L’artiste chinois a recouvert les murs et le sol de la galerie Laurent Godin de quelques 50 000 photographies, prises par lui-même et par des amis pendant un été de mitraillage intensif. Les images sont des captures urbaines, sans recherche esthétique et sans retouches. La bande-son qui accompagne la vidéo documentaire projetée, avec son rythme saccadé rappelle et imite le mitraillage de l’appareil photo.
Sur les murs sont esquissées des silhouettes de buildings, et au centre de l’espace sont disposées des piles de photos de différentes hauteurs figurant elles aussi des buildings. On pénètre ainsi à l’entrée de la galerie dans un modèle réduit de ville. Les photographies avec lesquelles est construit ce modèle réduit sont invisibles en elles-mêmes, seule leur accumulation est visible. Prises individuellement, elles ne réclament aucune attention, une image en vaut une autre et n’est que l’infime partie d’un tout. D’ailleurs les spectateurs piétinent les photos disposées sur le sol.
Le titre de l’exposition est trompeur, l’artiste nous présente bien ses photographies mais il les noie dans une masse tellement importante (que ne laissait en aucun cas présager le pluriel de « Photographs ») qu’il les rend invisibles, dans un jeu avec le terme «exposition». Il s’agit de montrer en sachant qu’il est impossible pour le spectateur de tout voir.
Puisque l’on ne s’attarde pas sur les photos elles-mêmes, Wang Du peut poser de manière directe la question de la place des images dans le monde d’aujourd’hui.

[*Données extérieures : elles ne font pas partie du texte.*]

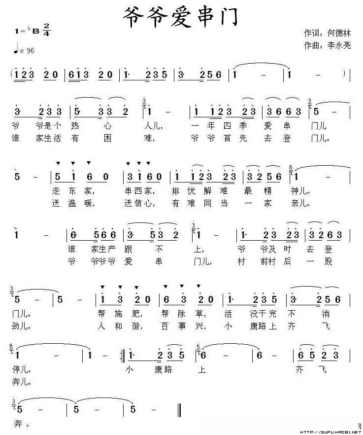 爷爷爱串门的简谱歌词
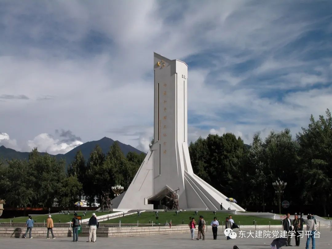 为纪念西藏和平解放50周年,西藏自治区党委、政府决定修建西藏和平解放纪念碑。纪念碑坐落在布达拉宫广场南端,造型为抽象化的珠穆朗玛峰。高耸入云的珠峰象征着西藏和平解放50年来,在这块神圣的土地上发生了翻天覆地的变化,西藏各族人民如今昂扬向上、奋发图强的精神风貌。
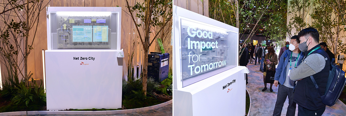 ▲ ‘CES 2022’에 참가한 SK 전시관 ‘그린 포레스트 파빌리온’의 1구역 그린 애비뉴(Green Avenue) – 청정(Clean) 섹션 전경
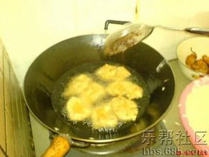 下油锅了,刚下锅要让它先炸一下,别动它,炸硬一点了,再翻身
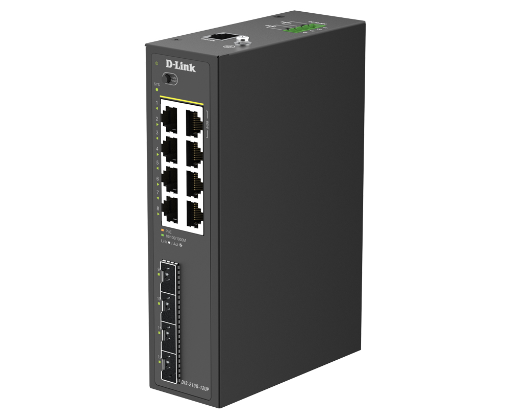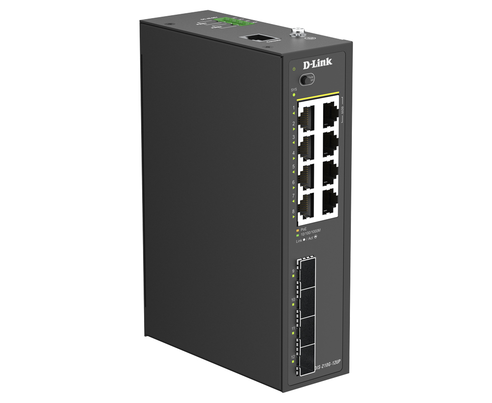 The DIS-210G-12UP Layer 2 Gigabit Industrial Managed Switch is equipped with 6 30 W PoE-capable 10/100/1000Base-T ports, 2 60 W PoE-capable 10/100/1000BASE-T ports and 4 SFP ports. This switch features a robust design making it ideal for deployment in industrial and outdoor cabinet surveillance settings, capable of withstanding the harshest environments. The DIS-210G-12UP switch furthermore integrates advanced management and security functions to provide a complete industrial networking solution.
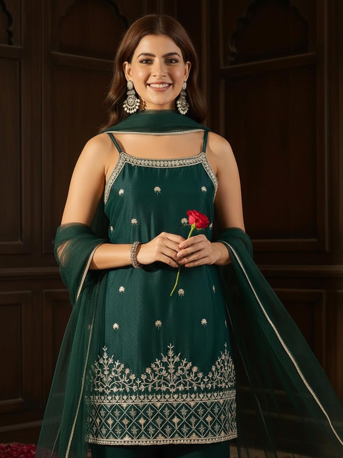 Enhance your ethnic fashion collection with this Dark Green Georgette Kurta Set for Women, designed to offer elegance, comfort, and timeless traditional style. This women’s ethnic kurta set with dupatta is ideal for festive wear, wedding functions, parties, family gatherings, and traditional occasions. Made with premium-quality fabrics, this outfit reflects modern ethnic fashion while maintaining a classic Indian look.The kurta is crafted from soft and lightweight Georgette fabric, known for its smooth texture, graceful drape, and breathable comfort. The rich dark green / emerald green color kurta set gives a royal and sophisticated appearance, making it a perfect choice for both daytime celebrations and evening events. The kurta features beautiful embroidery work that adds charm and enhances its designer appeal, making it a stylish kurta set for women who prefer elegant ethnic wear.The set includes a matching Georgette bottom, offering a comfortable fit and effortless movement throughout the day. Its smooth fabric ensures long-lasting comfort, making it suitable for extended festive occasions, wedding ceremonies, and party wear. The look is completed with a sheer net dupatta, which adds a delicate and graceful touch to the overall outfit. The dupatta flows beautifully and complements the embroidered kurta, giving the ensemble a polished and festive finish.This Georgette kurta set for women is perfect as festive wear, wedding wear, party wear kurta set, traditional Indian wear, and ethnic dress for women. It pairs well with juttis, heels, statement earrings, and bangles for a complete ethnic look. Ideal for festivals like Diwali, Eid, weddings, engagements, puja functions, and celebrations, this designer kurta set with dupatta is a must-have for every modern woman’s wardrobe.

Nous sommes entrés depuis quelques dizaines d’années, grâce aux progrès technologiques et à l’accélération des moyens de communication, dans «l’âge de l’image à l’échelle du monde», pour citer Heidegger. Ce qui est à prendre à considération désormais, ce n’est pas l’image en elle-même, c’est ce qu’on en fait et le cadre dans lequel elle s’insère.
L’exposition met en évidence le fait que l’image se trouve de nos jours dans une situation contradictoire : elle est à ce point omniprésente (d’autant plus que l’accès à la production d’images s’est largement démocratisé ces dernières années) et banalisée qu’elle est largement dépréciée mais elle reste malgré tout le média de la réalité, de la «vie originale» pour reprendre les mots Wang Du lui-même. La photographie reste quoi qu’il arrive une empreinte directe du réel.
Wang Du.
— Photographs, 2007. Pièce unique, photographies. Dimensions variables.